Tuesday, 22 November 2022
Sarah Ekdawi, Poems by Daylight
I've been reading an outstanding collection of poems by Sarah Ekdawi, published by Colenso Books in November 2022.
Copies are available from many sources, here is the W H Smith listing, as an example:
https://www.whsmith.co.uk/.../paper.../9781912788262.html
I wasn't surprised to learn that Sarah has worked as a translator and that she has a keen interest in Sikelianos and Cavafy.
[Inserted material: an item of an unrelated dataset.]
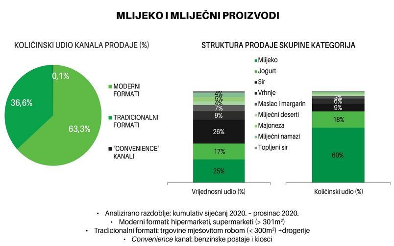Moderni formati, u koje ulaze hipermarketi (>2500m2) i supermarketi (301-2500m2), prodaju najviše mlijeka i mliječnih proizvoda, i to više od polovice ukupne količinske prodaje (63%). Manji udio, od 37% količinske prodaje, prolazi kroz trgovine mješovitom robom (<300m2), dok kroz convenience kanal, u koji pripadaju kiosci i trgovine na benzinskim postajama, odlazi samo 0,1% ukupne količinske prodaje cijele kategorije.
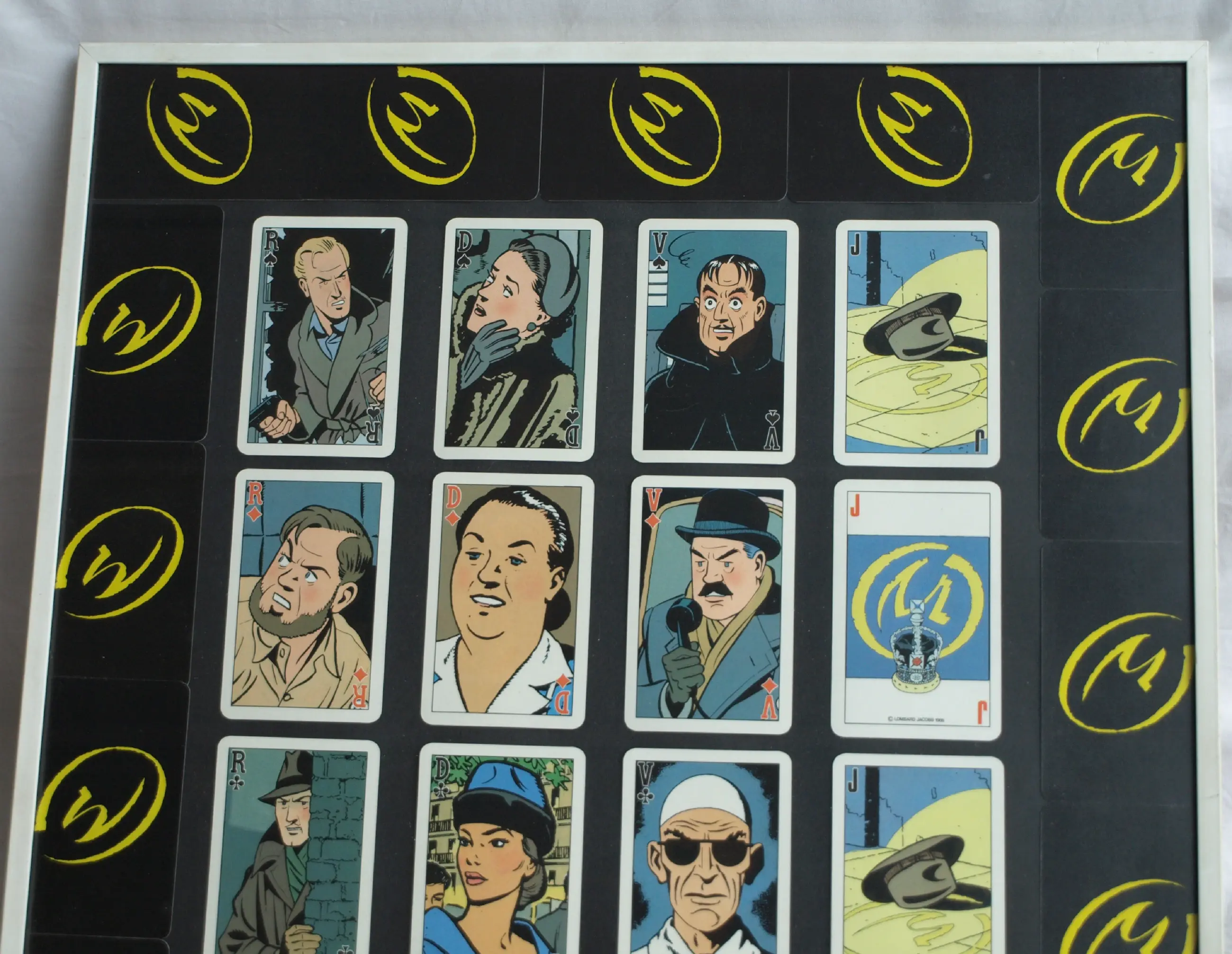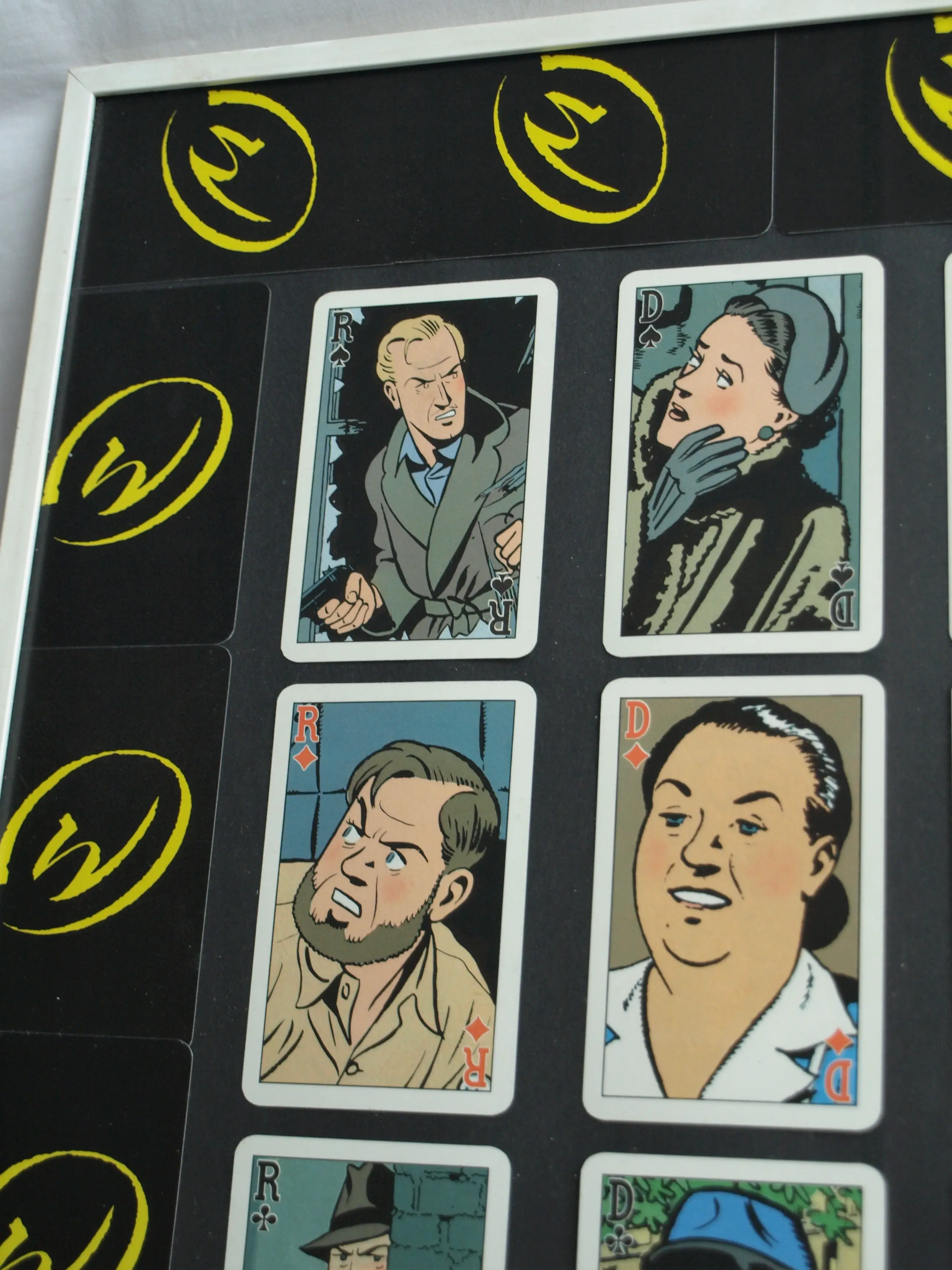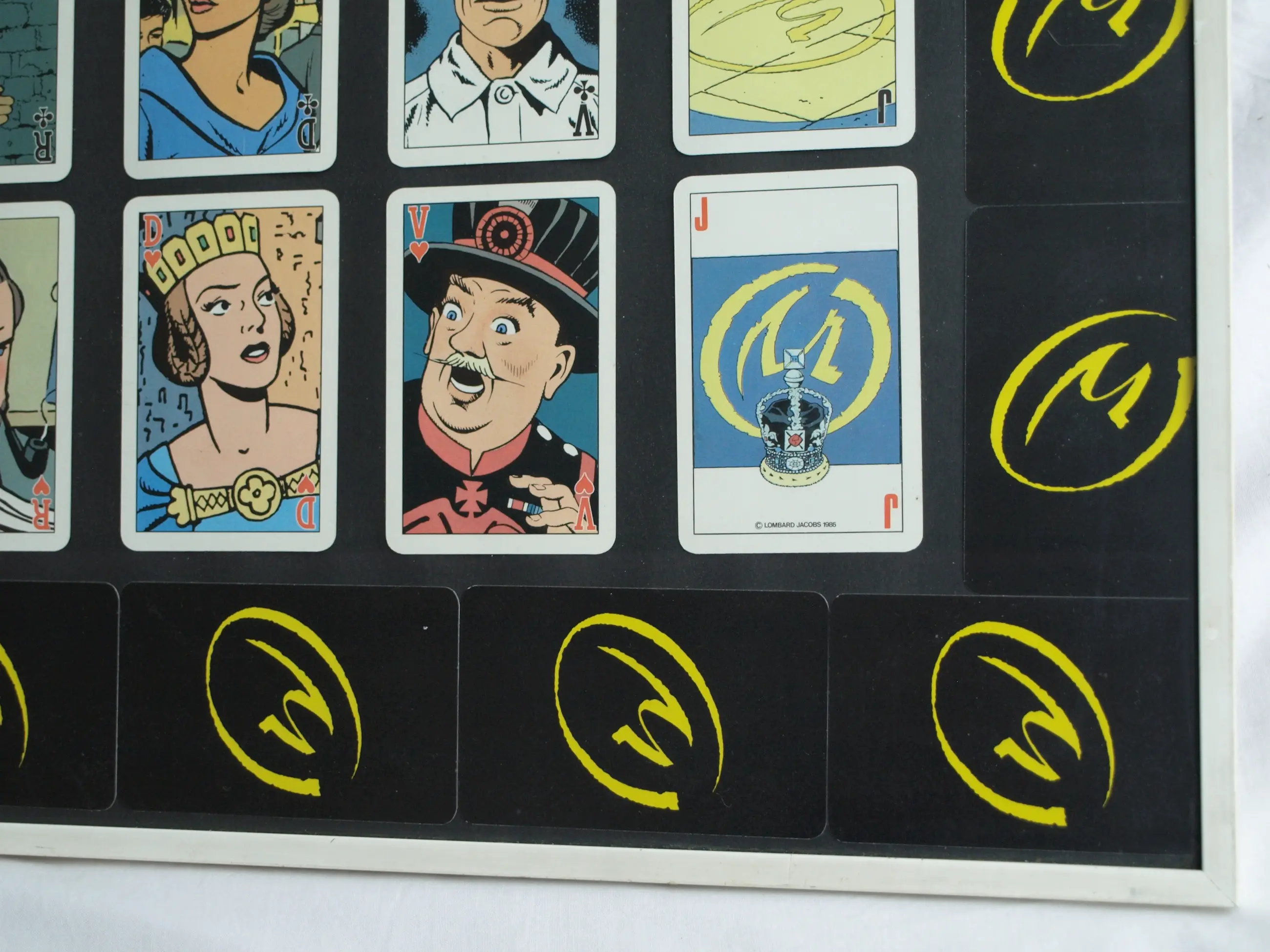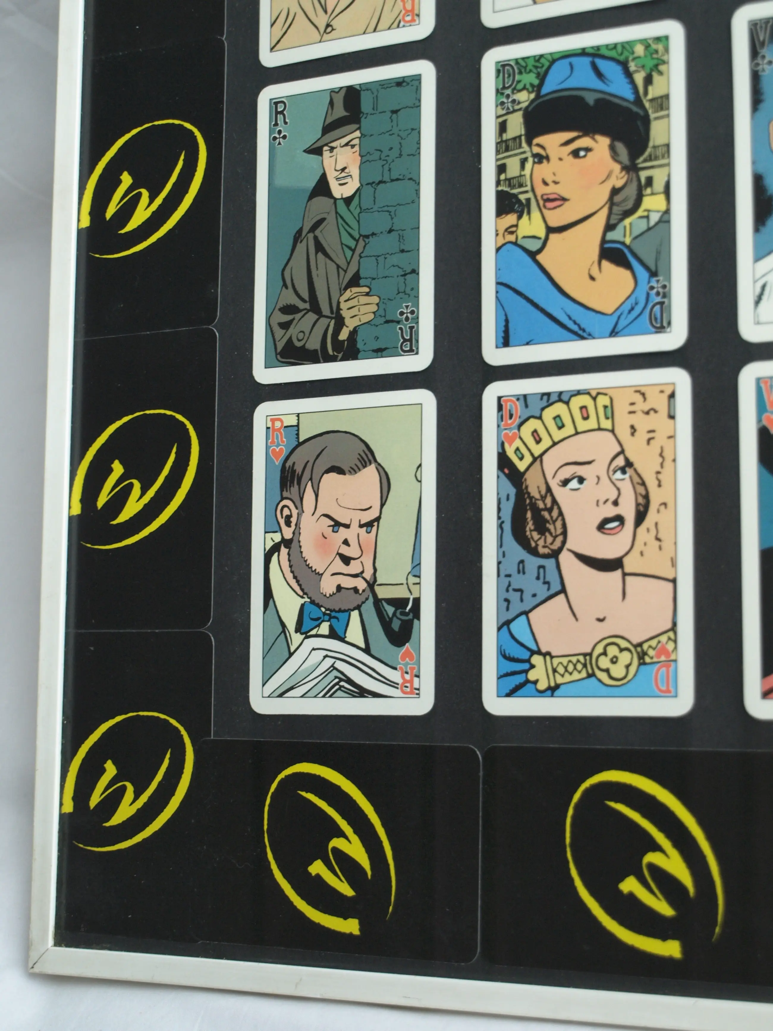 1985 met ingelijste (speel)kaarten met voorstellingen uit het ‘Stripalbum

Poems by Daylight will continue to make a deep impression. Recommended!
From the publisher:
Sarah Ekdawi grew up in an Anglo-Egyptian household, inspiring in her a lifelong interest in other languages and cultures, including the dialect and literature of her mother's native Dorset. This first published collection of poetry represents a lengthy engagement, with poetry, as reader, scholar and translator (of Modern Greek). Composed over a twenty-year period, the poems can be read as five 'conversations' - the five sections of the collection - with significant others. Poems by Daylight raises questions about identity, intimacy, rejection, loss and gain. It reflects the author's love of the sea and especially the Dorset coast; her years in Ireland and her walks around the beautiful lake on the campus at MCU Thailand, where she is a visiting teacher. Above all, these poems address the fragility of human love, with all its 'slips and flaws and missed connections'.